French animated edutainment TV series

Archibald le Magichien (literally: Archibald the Magic Dog) is a French animated edutainment TV series that originally aired on TF1 from 1980 to 1981. The series consists of 46 five-minute episodes and was one of the earliest productions by DIC Audiovisuel (then known as DIC Entertainment), preceding Ulysses 31 by a year.

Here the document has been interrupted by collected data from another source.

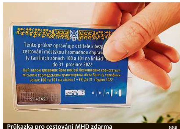
Průkazka pro cestování MHD zdarma

Svou podporu Ukrajině vyjadřují i brněnské veřejné a soukromé instituce.
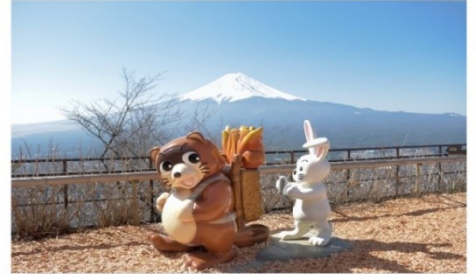
พื้นที่เช่าคางิ
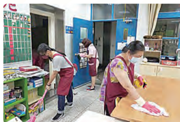
教保員進行教室清潔消毒工作。
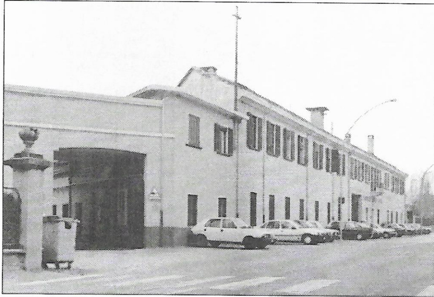
Lo stabilimento Falci
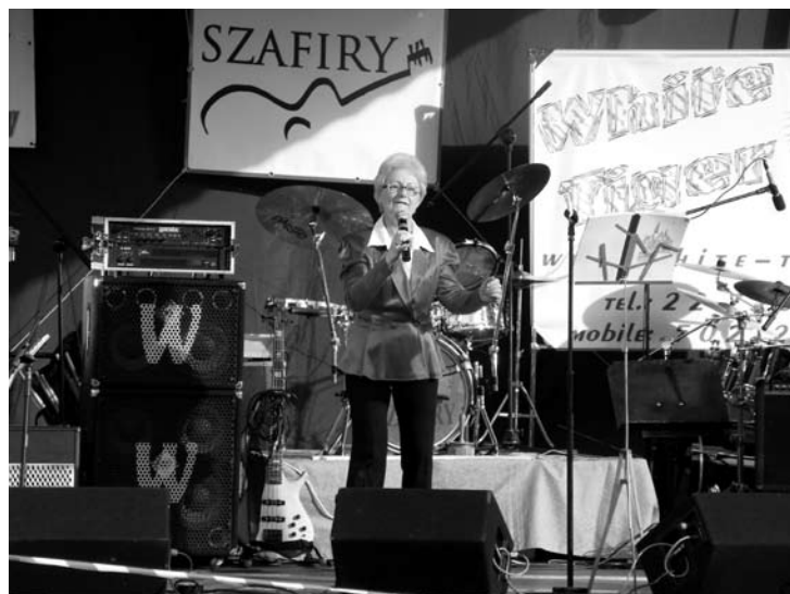
Fot: Elaband rozgrzewa publiczność największymi przebojami.

Ownership of the series passed to Disney in 2001 when Disney acquired Fox Kids Worldwide, which also includes Saban Entertainment libraries, which consists of the C&D/DIC Audiovisuel programs.

== Title ==
The title's last word, magichien, is a portmanteau combining the French words magie (magic) and chien (dog). This wordplay creates a pun on magicien (magician), reflecting the main character's magical abilities and canine transformation.

== Synopsis ==
The series follows Archibald, a magician who accidentally transforms himself into a Bearded Collie dog and is unable to recall the spell to revert to his human form. Throughout the series, he befriends a young boy named Pierrot and, despite his predicament, uses his magical skills and knowledge to educate Pierrot—and by extension, the audience—on essential health and hygiene habits.

== Educational themes ==
The series is aimed at teaching children valuable life lessons regarding personal health and well-being. The series addressed several key topics, including:

- The dangers of smoking and alcohol consumption.
- The risks of prolonged exposure to the sun.
- The importance of regular hygiene practices, such as brushing teeth, washing hands, and bathing.
- The benefits of physical exercise and maintaining an active lifestyle.
- The necessity of a balanced diet for overall health.